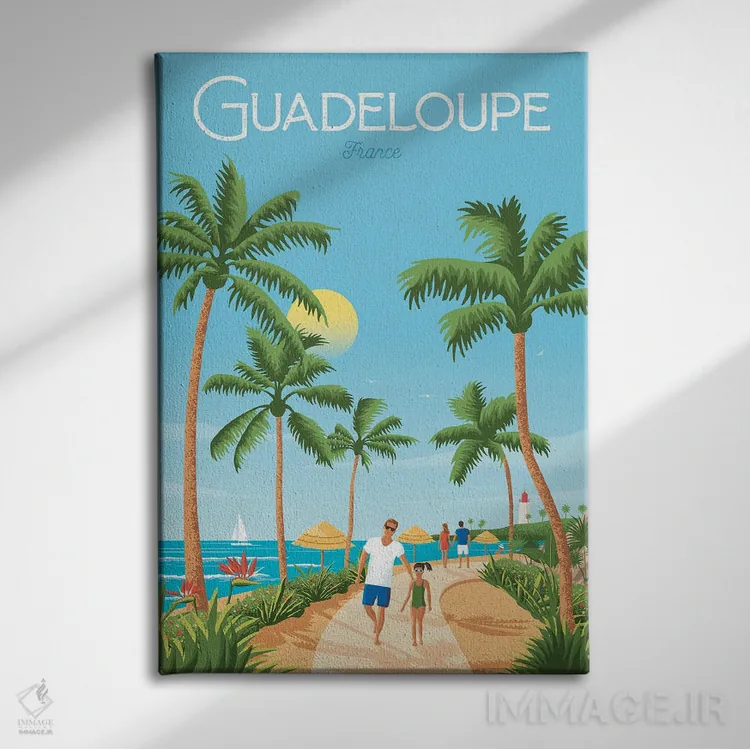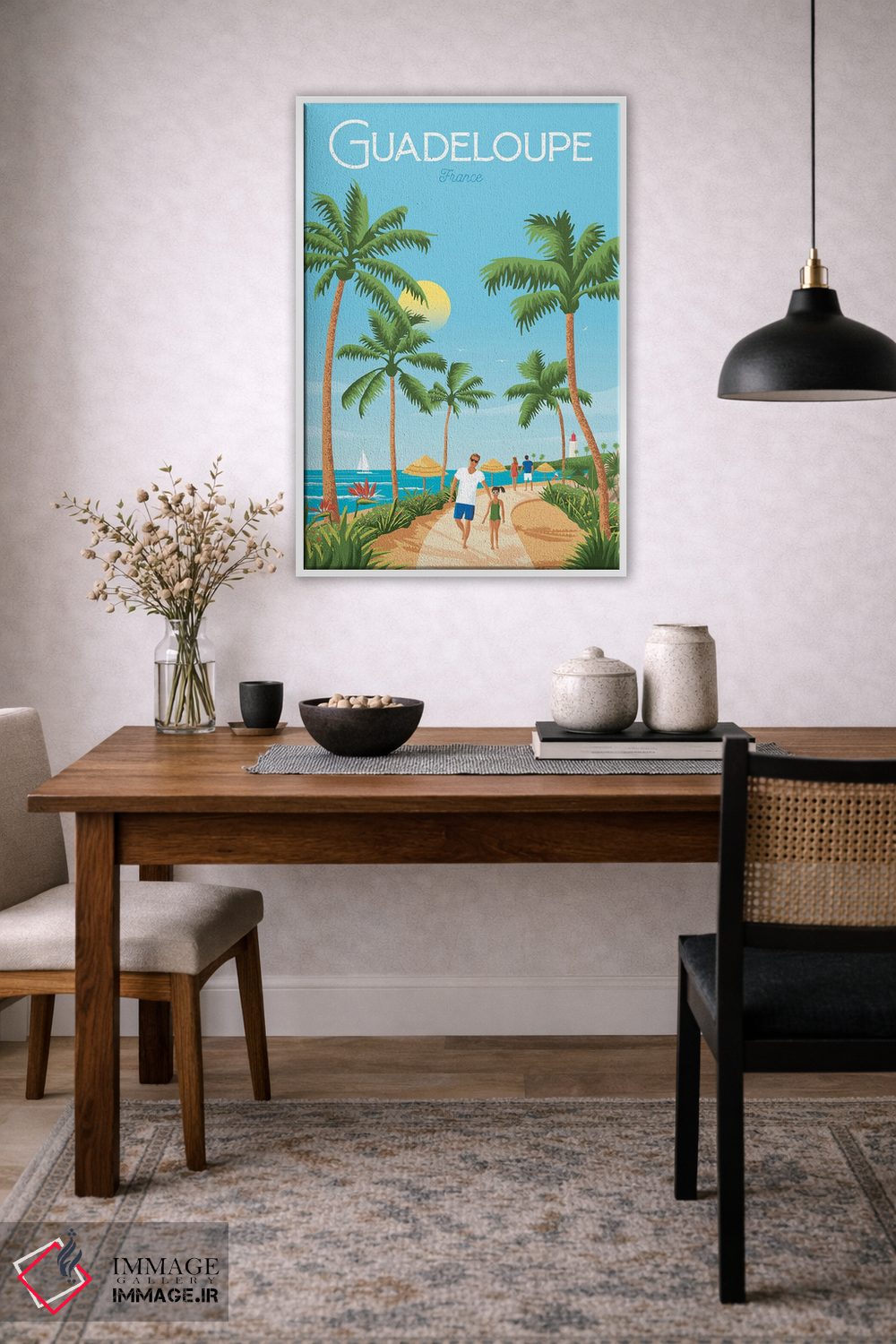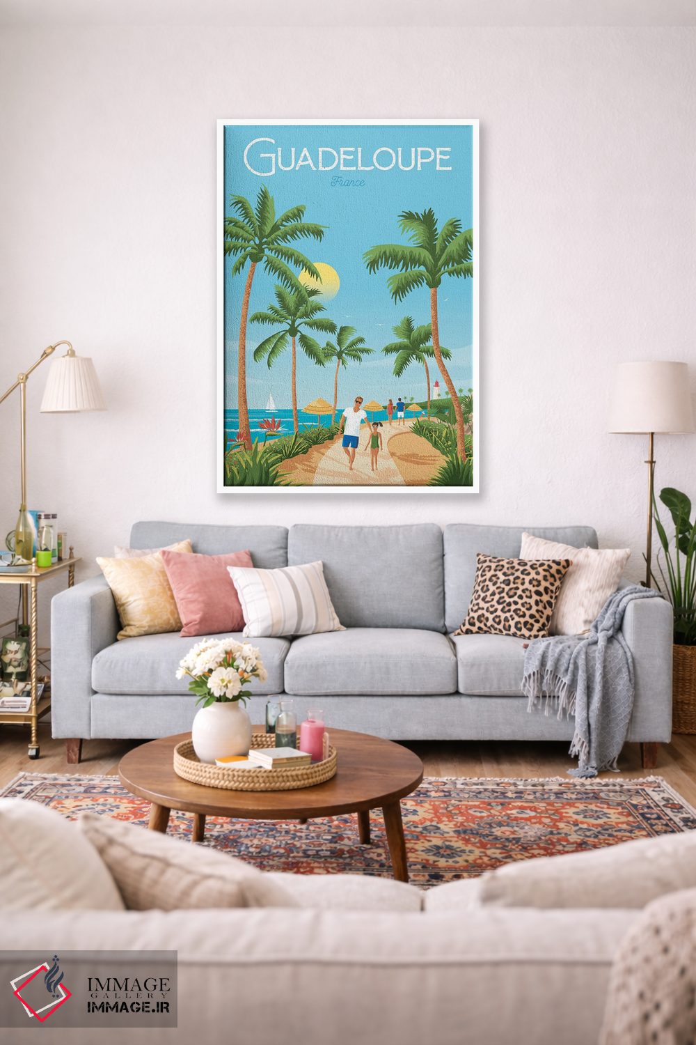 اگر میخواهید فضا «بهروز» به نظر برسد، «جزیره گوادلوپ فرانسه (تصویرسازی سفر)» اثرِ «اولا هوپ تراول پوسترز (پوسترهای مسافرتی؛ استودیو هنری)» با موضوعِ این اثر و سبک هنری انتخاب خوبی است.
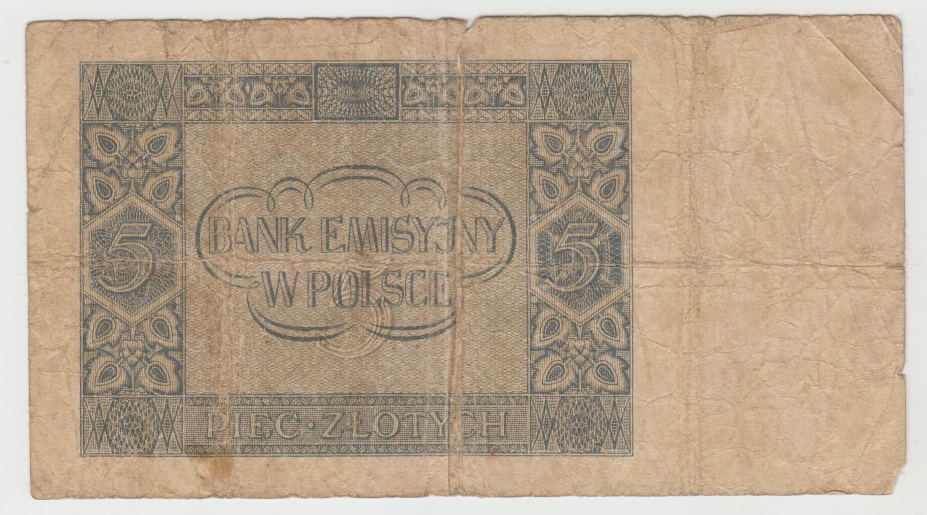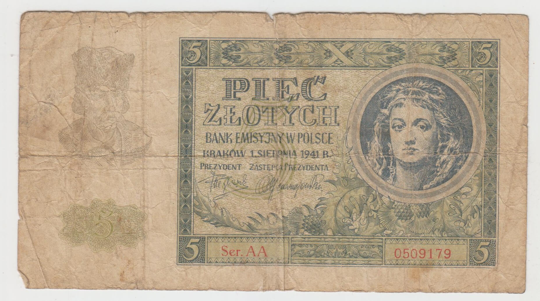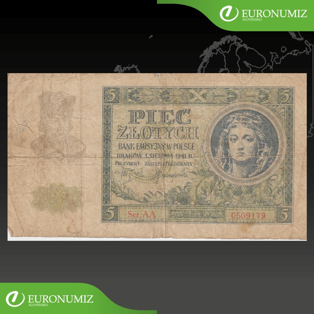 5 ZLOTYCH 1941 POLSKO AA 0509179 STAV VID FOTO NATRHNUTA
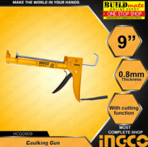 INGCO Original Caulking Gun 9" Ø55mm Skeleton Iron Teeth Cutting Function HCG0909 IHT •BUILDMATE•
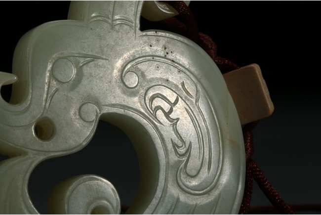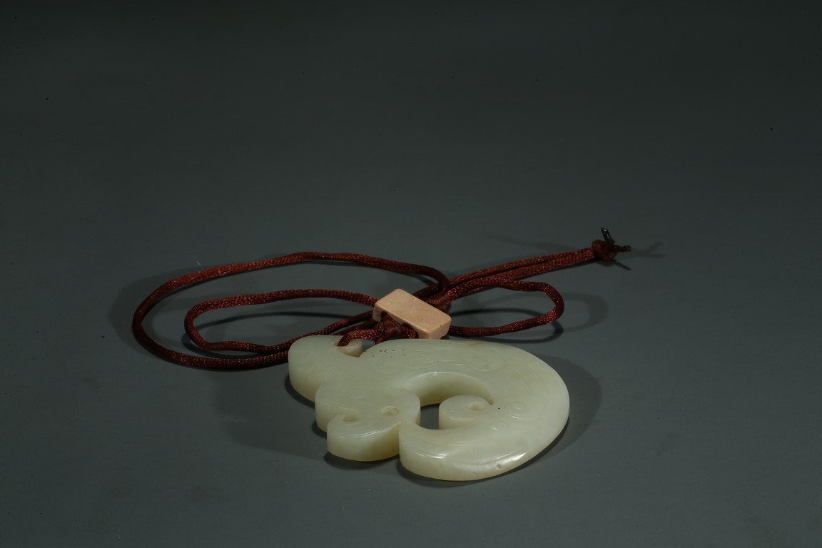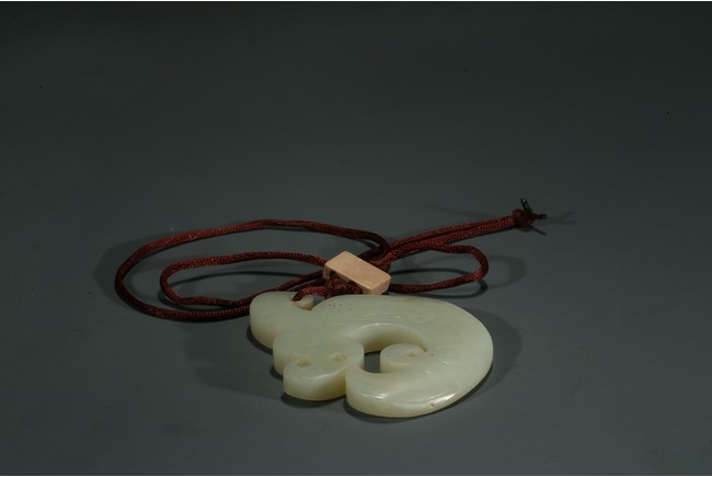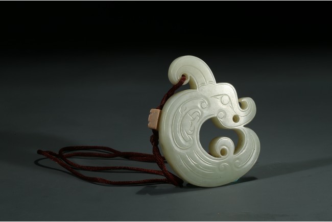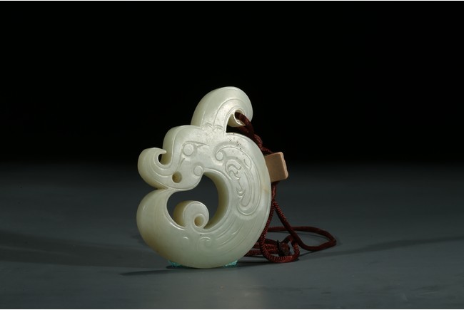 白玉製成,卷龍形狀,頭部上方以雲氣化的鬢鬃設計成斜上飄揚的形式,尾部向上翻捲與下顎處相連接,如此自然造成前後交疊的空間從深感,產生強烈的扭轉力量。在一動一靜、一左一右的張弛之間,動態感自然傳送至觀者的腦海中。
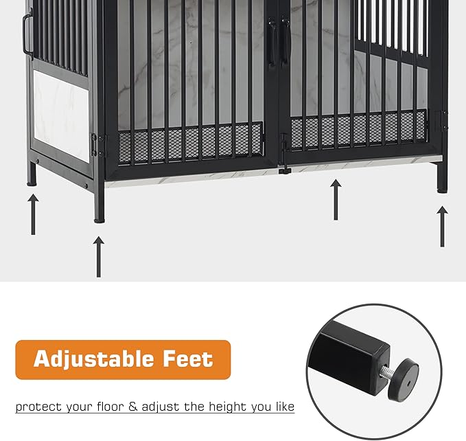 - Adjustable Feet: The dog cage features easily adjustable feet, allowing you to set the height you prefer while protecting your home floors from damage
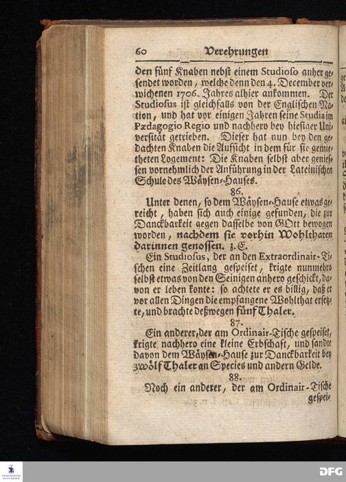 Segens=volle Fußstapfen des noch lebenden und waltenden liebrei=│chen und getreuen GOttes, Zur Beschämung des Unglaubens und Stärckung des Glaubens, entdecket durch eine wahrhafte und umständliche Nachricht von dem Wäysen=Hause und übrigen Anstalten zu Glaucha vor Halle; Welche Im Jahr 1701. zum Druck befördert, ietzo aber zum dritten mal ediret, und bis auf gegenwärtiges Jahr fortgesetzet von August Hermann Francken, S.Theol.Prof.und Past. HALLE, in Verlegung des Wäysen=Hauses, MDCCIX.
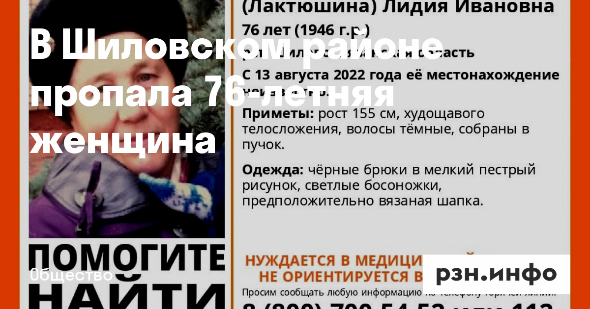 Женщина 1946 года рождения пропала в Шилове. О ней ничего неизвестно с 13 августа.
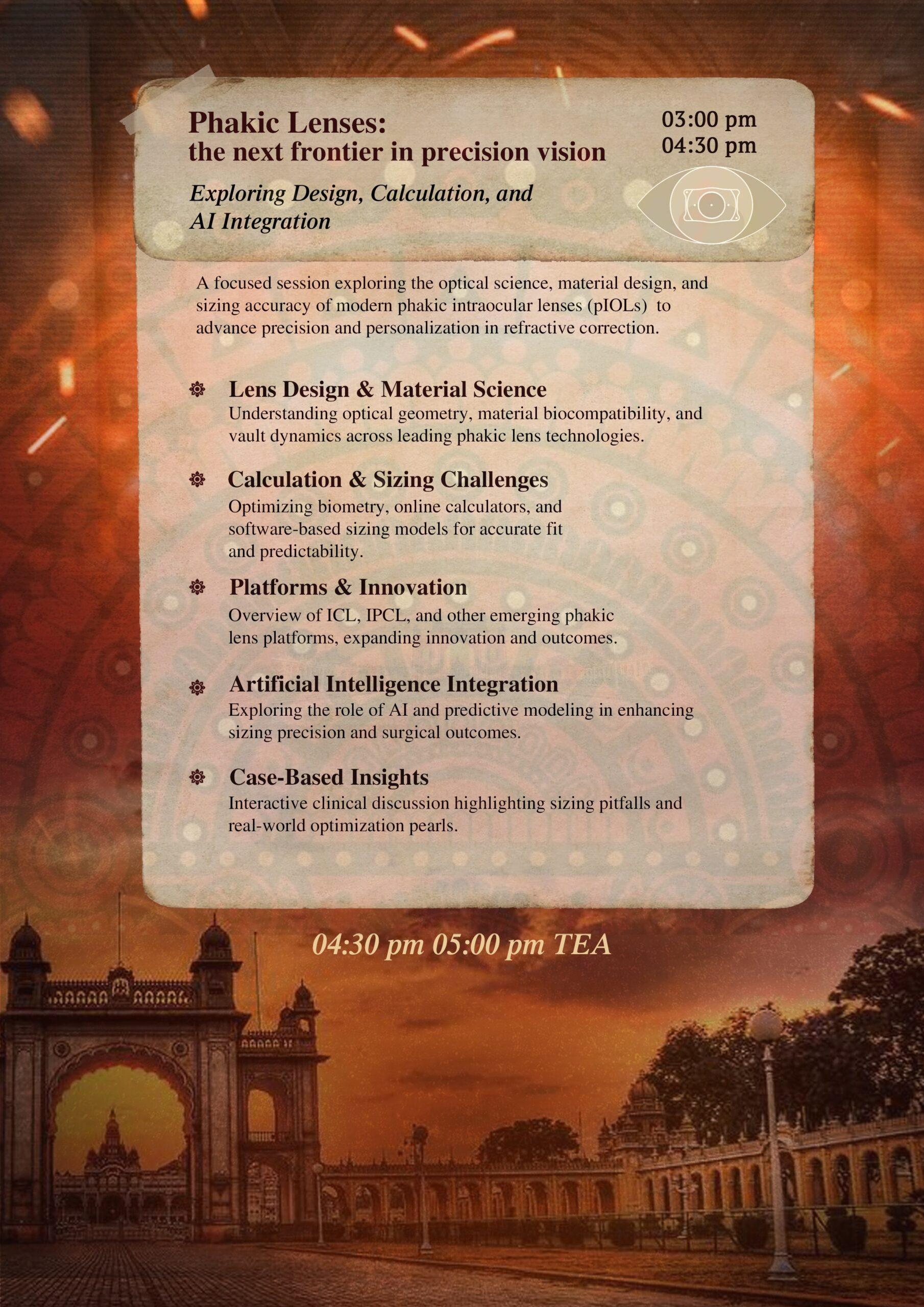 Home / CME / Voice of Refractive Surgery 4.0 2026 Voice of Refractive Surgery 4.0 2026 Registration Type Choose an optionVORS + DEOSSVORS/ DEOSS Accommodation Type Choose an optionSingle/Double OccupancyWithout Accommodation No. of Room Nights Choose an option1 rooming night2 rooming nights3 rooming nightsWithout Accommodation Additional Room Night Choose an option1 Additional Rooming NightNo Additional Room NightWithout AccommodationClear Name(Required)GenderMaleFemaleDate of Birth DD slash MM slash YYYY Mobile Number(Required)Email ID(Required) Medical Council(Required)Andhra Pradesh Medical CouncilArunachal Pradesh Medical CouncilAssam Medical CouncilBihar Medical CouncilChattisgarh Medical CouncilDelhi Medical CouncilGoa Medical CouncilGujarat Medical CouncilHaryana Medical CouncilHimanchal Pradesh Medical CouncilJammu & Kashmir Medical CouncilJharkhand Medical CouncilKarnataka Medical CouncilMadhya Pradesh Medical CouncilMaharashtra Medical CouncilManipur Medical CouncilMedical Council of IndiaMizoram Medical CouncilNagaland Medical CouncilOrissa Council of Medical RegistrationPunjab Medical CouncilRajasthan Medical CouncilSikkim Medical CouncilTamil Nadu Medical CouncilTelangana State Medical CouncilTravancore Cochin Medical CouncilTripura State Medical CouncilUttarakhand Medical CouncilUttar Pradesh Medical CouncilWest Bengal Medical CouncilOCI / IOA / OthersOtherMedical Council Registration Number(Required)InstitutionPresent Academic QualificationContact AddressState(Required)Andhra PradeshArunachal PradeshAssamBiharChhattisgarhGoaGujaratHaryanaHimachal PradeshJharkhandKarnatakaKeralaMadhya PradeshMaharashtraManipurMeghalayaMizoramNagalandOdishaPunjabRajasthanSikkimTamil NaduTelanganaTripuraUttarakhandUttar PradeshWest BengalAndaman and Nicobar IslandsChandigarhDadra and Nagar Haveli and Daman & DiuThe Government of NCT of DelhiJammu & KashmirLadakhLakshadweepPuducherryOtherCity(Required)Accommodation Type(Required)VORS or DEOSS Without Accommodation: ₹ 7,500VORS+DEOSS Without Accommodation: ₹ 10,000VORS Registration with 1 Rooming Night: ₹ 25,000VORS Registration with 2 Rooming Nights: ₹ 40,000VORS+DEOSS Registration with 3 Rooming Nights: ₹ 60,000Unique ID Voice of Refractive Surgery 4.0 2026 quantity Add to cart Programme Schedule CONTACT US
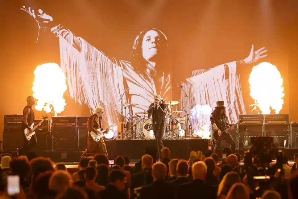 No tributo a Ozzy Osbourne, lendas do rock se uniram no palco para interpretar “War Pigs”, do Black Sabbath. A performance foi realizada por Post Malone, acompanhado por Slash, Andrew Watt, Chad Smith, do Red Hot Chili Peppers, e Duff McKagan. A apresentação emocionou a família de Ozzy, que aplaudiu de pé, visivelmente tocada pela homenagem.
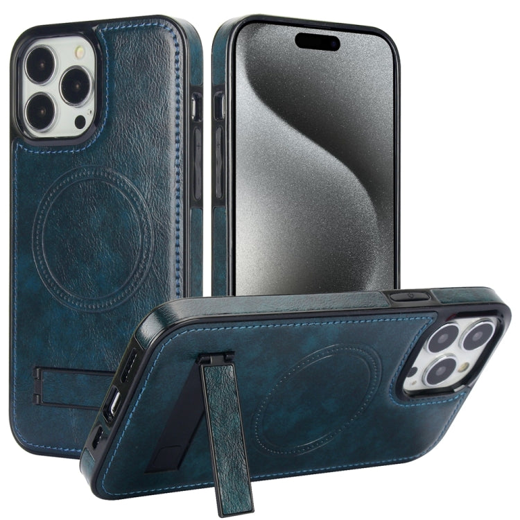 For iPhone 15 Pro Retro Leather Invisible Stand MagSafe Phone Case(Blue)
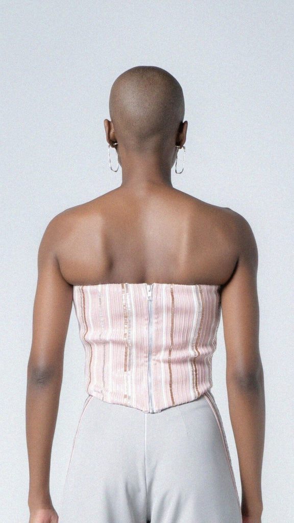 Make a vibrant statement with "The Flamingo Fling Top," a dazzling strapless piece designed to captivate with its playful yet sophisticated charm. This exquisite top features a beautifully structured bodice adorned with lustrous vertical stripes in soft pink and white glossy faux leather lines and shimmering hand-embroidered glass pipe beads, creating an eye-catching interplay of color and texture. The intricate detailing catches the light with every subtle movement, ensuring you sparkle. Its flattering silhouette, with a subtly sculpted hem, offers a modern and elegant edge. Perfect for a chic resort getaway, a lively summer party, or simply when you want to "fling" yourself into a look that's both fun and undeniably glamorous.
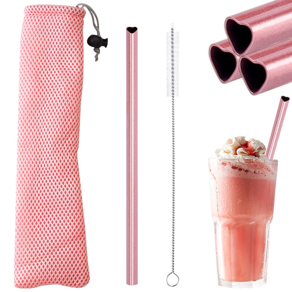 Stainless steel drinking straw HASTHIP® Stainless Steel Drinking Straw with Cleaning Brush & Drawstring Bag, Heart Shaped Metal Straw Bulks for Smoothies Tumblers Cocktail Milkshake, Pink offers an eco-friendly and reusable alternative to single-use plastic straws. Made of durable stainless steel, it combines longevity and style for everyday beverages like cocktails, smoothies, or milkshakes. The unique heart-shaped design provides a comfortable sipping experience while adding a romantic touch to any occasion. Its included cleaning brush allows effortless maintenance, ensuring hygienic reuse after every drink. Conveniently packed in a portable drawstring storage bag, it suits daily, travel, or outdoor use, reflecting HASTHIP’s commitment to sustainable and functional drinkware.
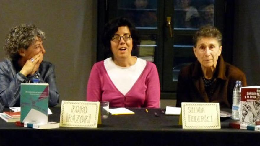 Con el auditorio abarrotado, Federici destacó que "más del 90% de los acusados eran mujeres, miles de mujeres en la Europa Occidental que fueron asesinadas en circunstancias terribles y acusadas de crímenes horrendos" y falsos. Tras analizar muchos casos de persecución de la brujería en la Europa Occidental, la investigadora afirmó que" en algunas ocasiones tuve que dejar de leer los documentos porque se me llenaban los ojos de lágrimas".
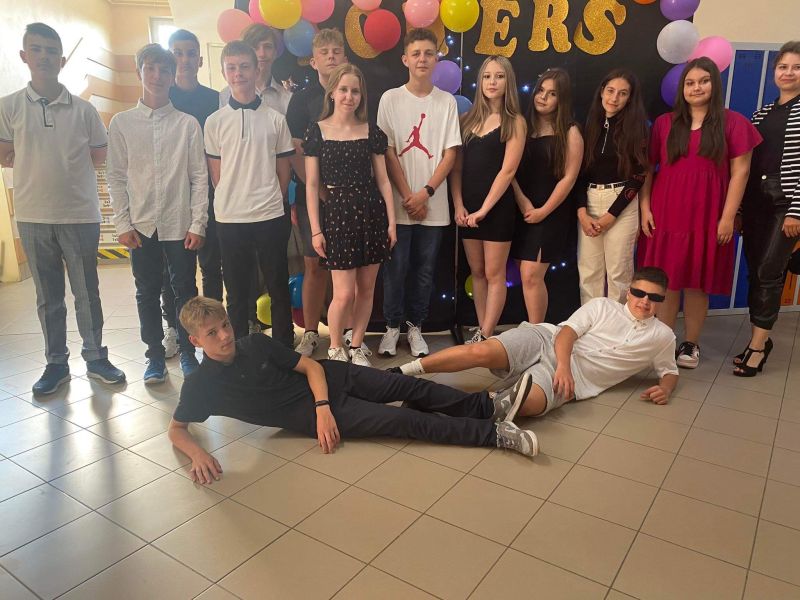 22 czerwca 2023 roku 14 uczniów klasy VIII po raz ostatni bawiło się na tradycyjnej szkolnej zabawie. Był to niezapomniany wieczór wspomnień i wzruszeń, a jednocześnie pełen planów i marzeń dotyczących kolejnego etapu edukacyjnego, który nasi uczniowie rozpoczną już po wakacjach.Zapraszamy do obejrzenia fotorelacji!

..............................

■ Problem statement
In the listing above, find the line containing "白玉製成,卷龍形狀,頭部上方" and the line containing "- Adjustable Feet: The", then print exactly those two lines and every line between them, minus the pictures.

■ Response area
 白玉製成,卷龍形狀,頭部上方以雲氣化的鬢鬃設計成斜上飄揚的形式,尾部向上翻捲與下顎處相連接,如此自然造成前後交疊的空間從深感,產生強烈的扭轉力量。在一動一靜、一左一右的張弛之間,動態感自然傳送至觀者的腦海中。
 - Adjustable Feet: The dog cage features easily adjustable feet, allowing you to set the height you prefer while protecting your home floors from damage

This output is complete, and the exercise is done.